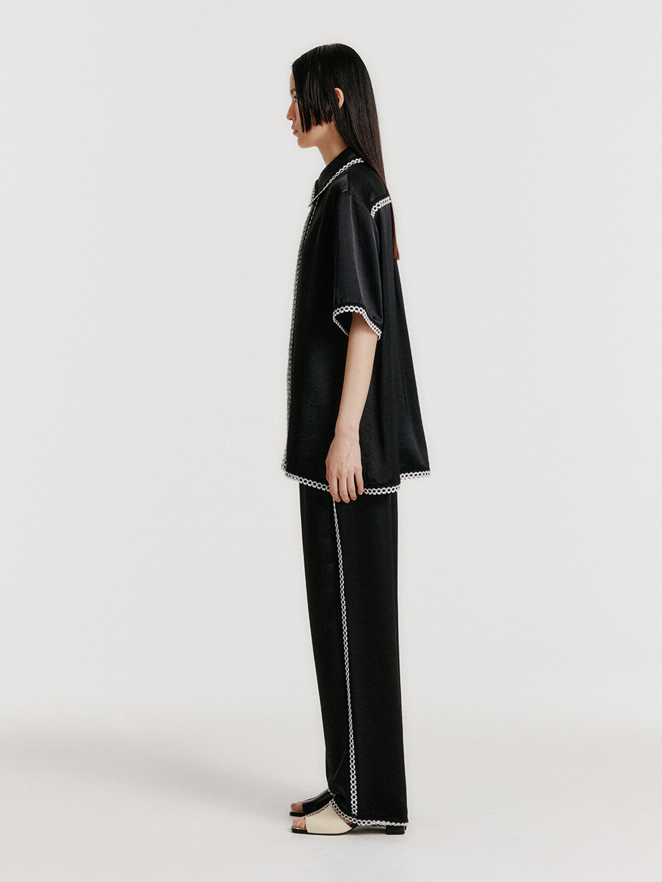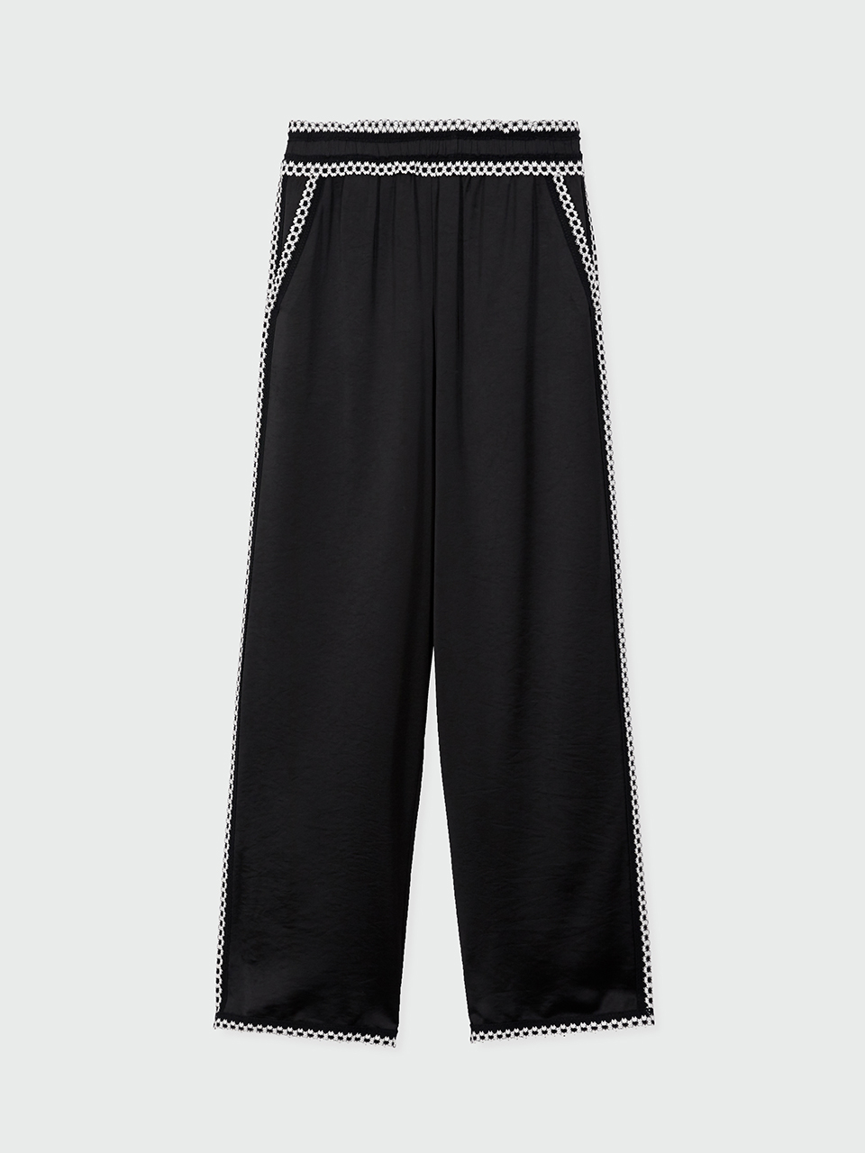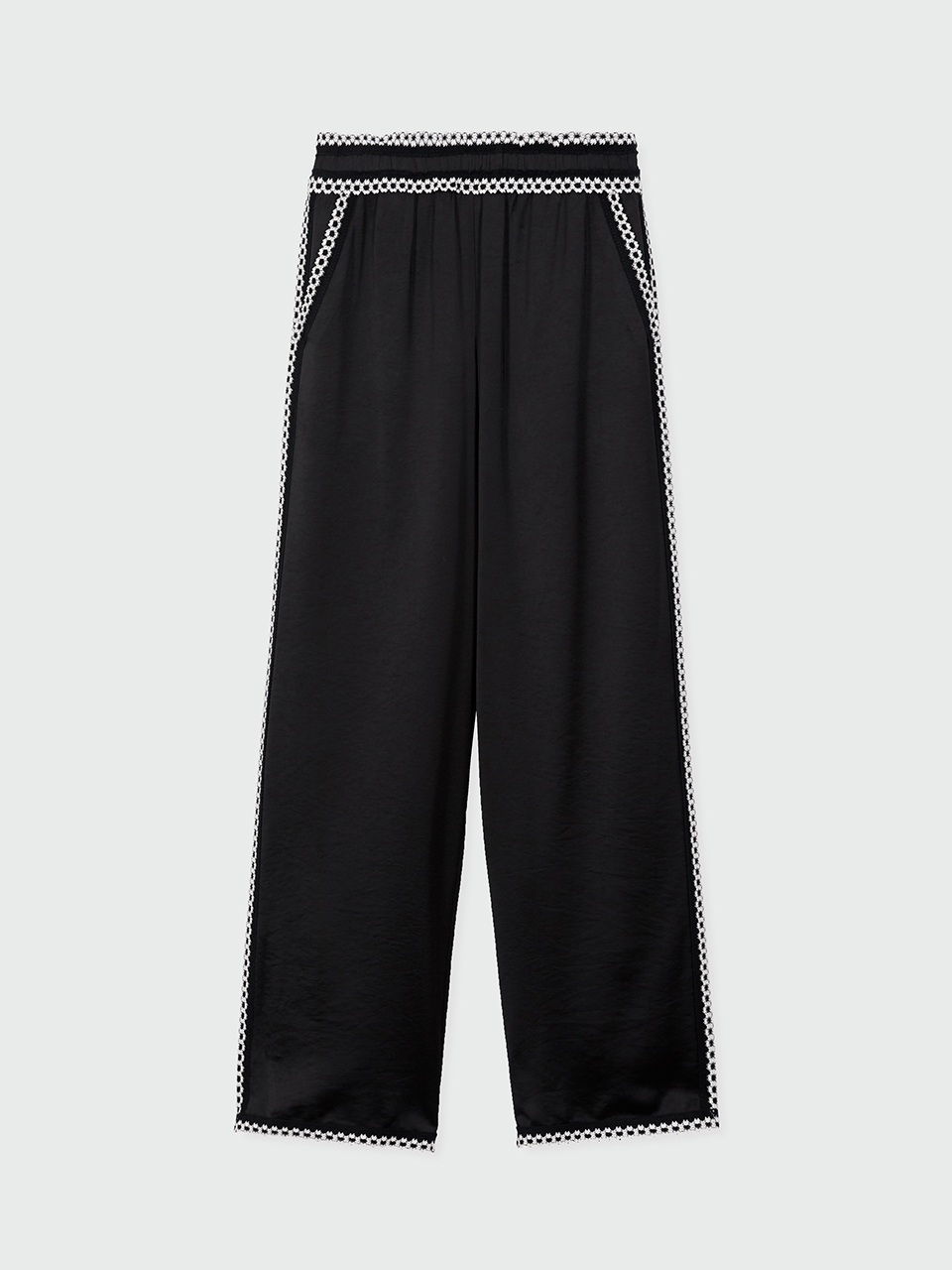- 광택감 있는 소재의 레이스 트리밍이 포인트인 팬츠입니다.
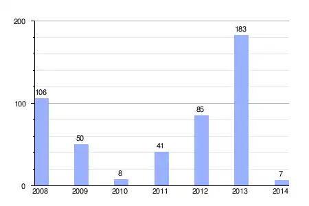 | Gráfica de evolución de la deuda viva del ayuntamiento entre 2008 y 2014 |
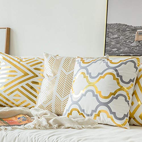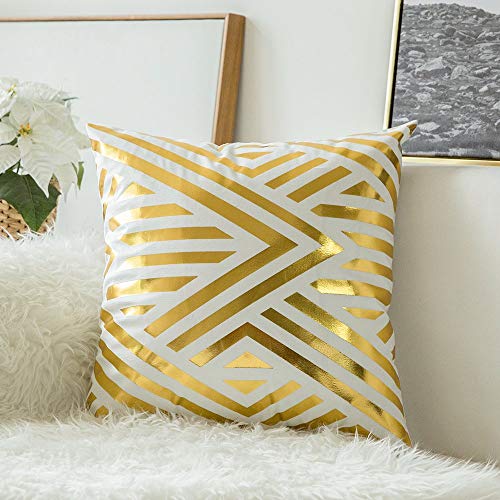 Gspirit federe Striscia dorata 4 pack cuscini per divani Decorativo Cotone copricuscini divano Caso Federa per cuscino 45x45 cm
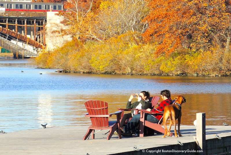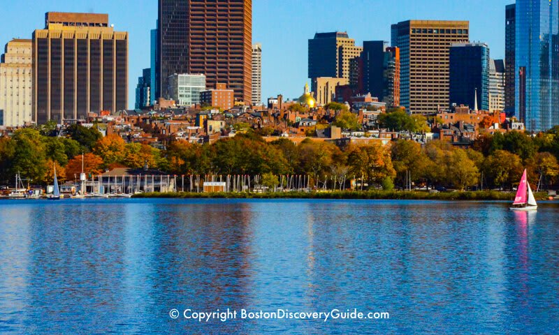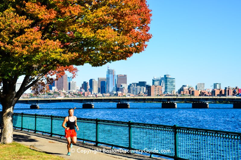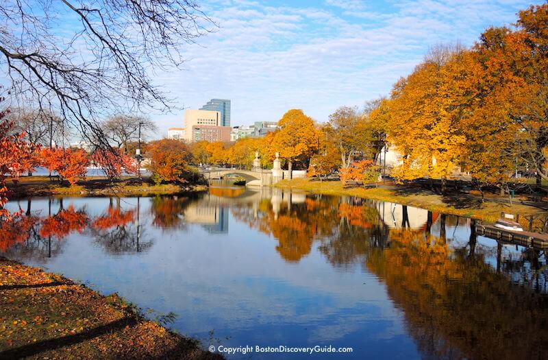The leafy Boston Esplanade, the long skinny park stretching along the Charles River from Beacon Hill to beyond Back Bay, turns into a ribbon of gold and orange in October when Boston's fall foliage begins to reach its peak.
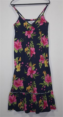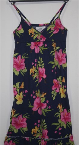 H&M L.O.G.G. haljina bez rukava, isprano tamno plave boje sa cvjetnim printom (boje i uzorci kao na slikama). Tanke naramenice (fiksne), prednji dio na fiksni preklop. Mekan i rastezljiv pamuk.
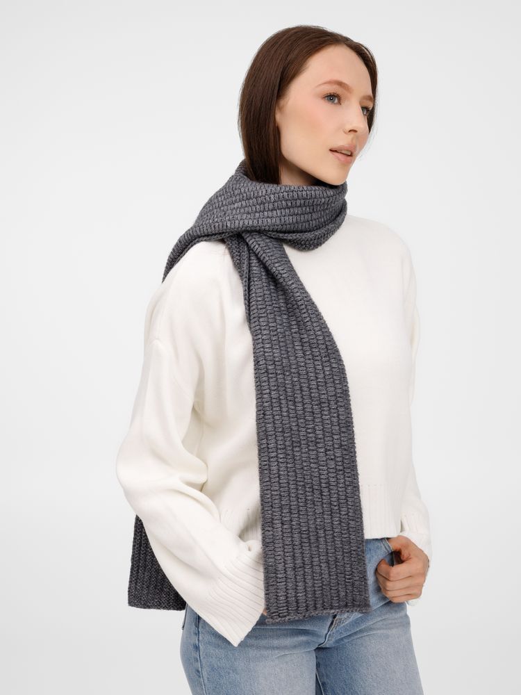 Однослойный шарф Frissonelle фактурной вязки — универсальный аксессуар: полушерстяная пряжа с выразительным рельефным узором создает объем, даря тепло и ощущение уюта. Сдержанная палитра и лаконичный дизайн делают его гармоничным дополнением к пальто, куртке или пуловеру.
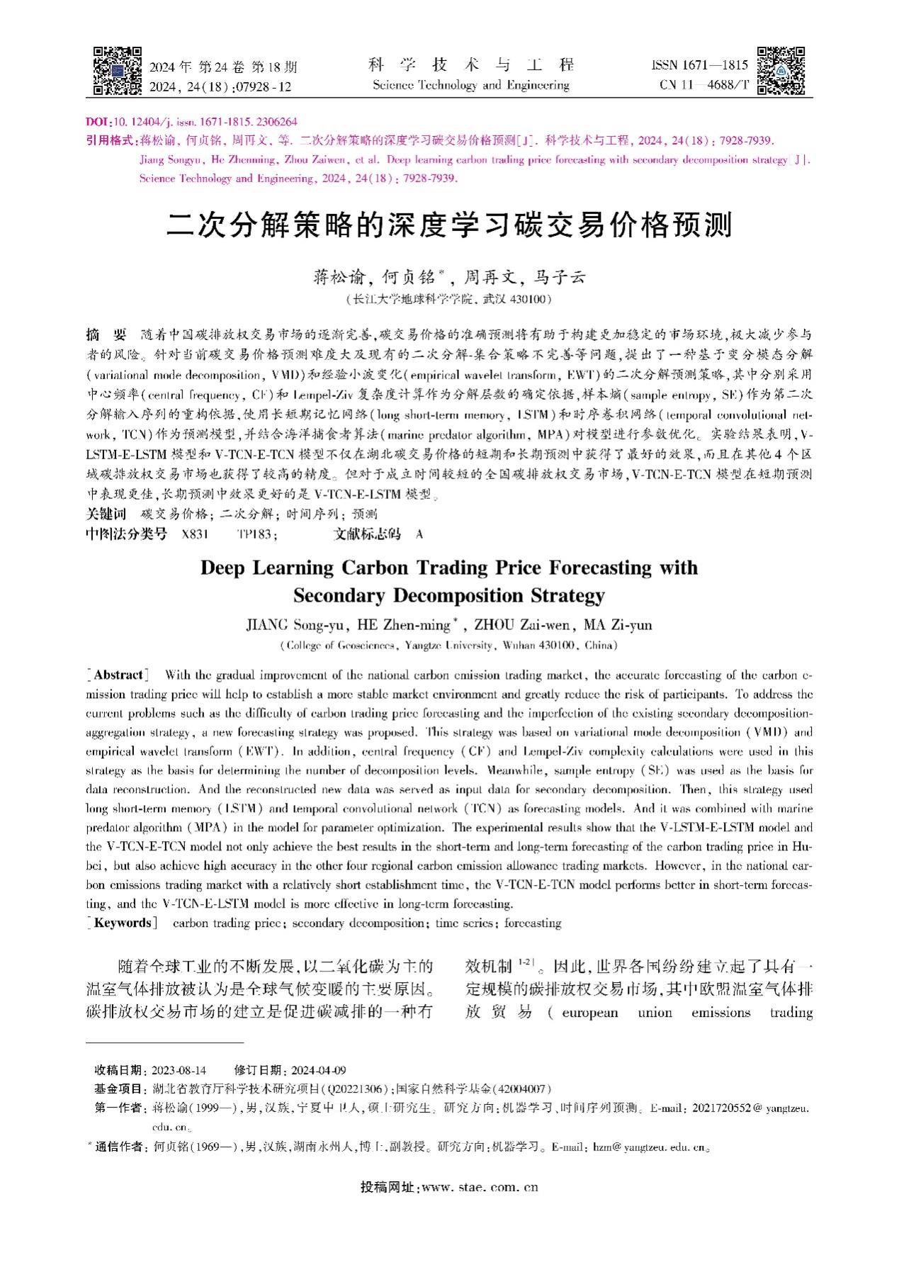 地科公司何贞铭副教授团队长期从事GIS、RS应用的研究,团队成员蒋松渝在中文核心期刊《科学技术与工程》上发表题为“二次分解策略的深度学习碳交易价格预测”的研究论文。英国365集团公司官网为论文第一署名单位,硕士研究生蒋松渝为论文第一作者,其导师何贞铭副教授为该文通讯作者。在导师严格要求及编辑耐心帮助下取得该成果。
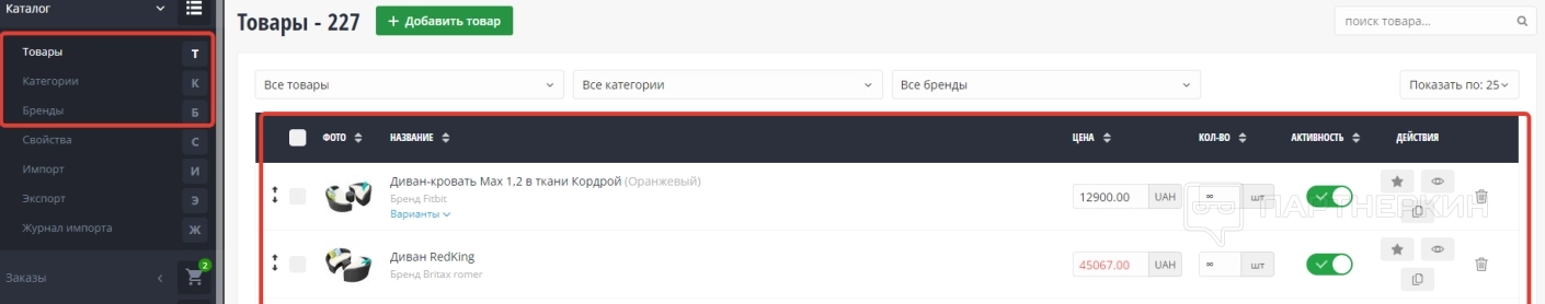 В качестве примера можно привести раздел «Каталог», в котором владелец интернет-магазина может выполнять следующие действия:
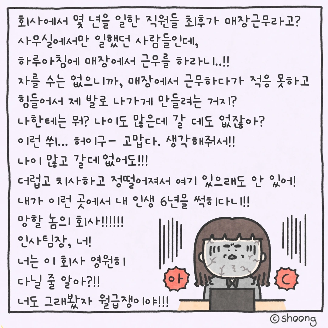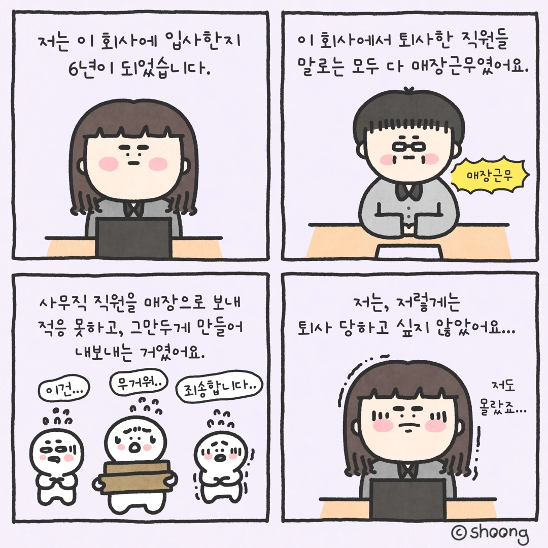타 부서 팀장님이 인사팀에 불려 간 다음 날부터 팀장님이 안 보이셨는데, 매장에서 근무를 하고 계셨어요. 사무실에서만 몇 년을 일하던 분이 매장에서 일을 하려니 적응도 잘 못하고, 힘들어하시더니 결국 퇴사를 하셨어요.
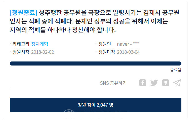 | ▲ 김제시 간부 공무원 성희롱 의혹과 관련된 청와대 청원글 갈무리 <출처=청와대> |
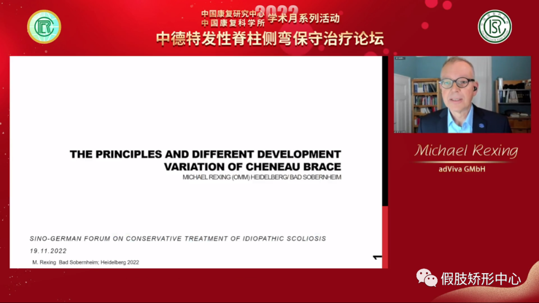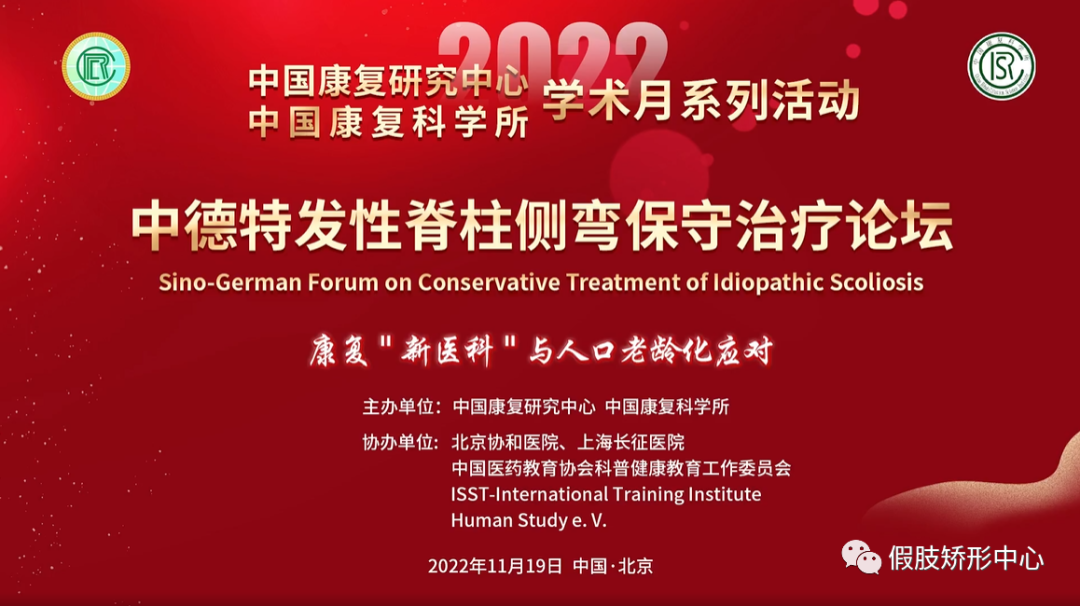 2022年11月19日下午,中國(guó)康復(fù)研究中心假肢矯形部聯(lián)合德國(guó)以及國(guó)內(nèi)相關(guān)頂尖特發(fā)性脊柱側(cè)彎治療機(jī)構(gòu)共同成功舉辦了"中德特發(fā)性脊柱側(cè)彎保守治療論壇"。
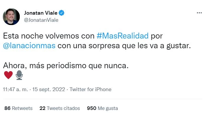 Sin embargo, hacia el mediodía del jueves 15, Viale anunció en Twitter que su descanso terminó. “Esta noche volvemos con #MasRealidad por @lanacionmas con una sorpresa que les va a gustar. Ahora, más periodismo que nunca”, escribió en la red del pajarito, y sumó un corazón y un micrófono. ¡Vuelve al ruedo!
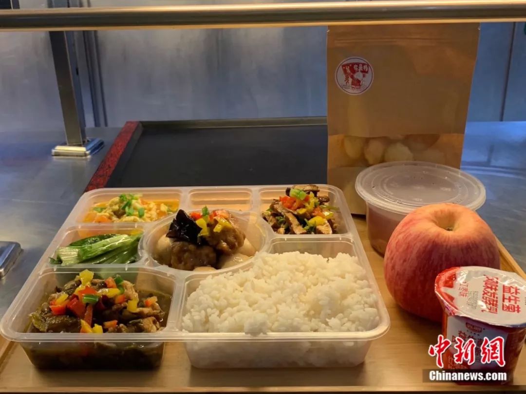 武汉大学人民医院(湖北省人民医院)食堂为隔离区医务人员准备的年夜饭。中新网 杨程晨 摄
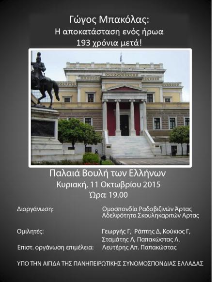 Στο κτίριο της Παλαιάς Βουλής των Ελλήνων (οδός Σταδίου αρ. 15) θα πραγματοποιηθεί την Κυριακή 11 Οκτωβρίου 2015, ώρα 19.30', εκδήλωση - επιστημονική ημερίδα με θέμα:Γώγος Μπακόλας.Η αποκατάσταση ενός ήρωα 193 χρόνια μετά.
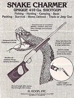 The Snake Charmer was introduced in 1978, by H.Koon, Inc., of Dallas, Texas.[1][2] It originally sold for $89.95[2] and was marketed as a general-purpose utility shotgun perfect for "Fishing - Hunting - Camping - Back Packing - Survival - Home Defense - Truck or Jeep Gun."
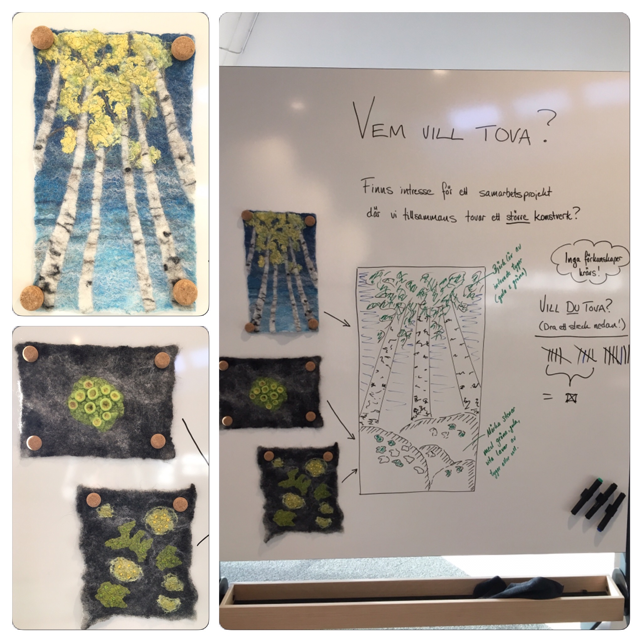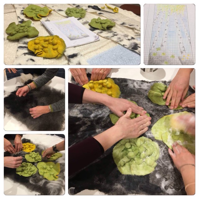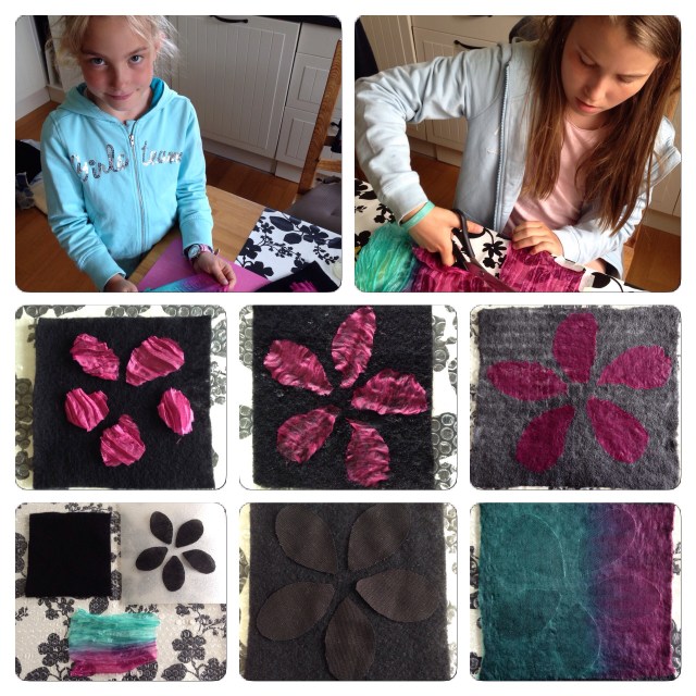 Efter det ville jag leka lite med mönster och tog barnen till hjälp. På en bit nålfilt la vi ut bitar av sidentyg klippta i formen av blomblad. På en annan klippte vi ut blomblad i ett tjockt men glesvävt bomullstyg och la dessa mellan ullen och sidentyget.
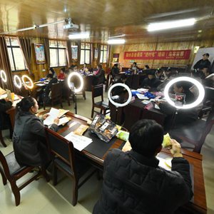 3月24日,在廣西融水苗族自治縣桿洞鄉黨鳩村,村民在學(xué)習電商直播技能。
━━━━━━━━━━━━━━━━
• Problem details:
Every line above in the stretch from the one with "The leafy Boston" through the one with "地科公司何贞铭副教授团队长期" is to be transcribed exactly, ends included. No picture is copied.

• Answer section:
The leafy Boston Esplanade, the long skinny park stretching along the Charles River from Beacon Hill to beyond Back Bay, turns into a ribbon of gold and orange in October when Boston's fall foliage begins to reach its peak.
 H&M L.O.G.G. haljina bez rukava, isprano tamno plave boje sa cvjetnim printom (boje i uzorci kao na slikama). Tanke naramenice (fiksne), prednji dio na fiksni preklop. Mekan i rastezljiv pamuk.
 Однослойный шарф Frissonelle фактурной вязки — универсальный аксессуар: полушерстяная пряжа с выразительным рельефным узором создает объем, даря тепло и ощущение уюта. Сдержанная палитра и лаконичный дизайн делают его гармоничным дополнением к пальто, куртке или пуловеру.
 地科公司何贞铭副教授团队长期从事GIS、RS应用的研究,团队成员蒋松渝在中文核心期刊《科学技术与工程》上发表题为“二次分解策略的深度学习碳交易价格预测”的研究论文。英国365集团公司官网为论文第一署名单位,硕士研究生蒋松渝为论文第一作者,其导师何贞铭副教授为该文通讯作者。在导师严格要求及编辑耐心帮助下取得该成果。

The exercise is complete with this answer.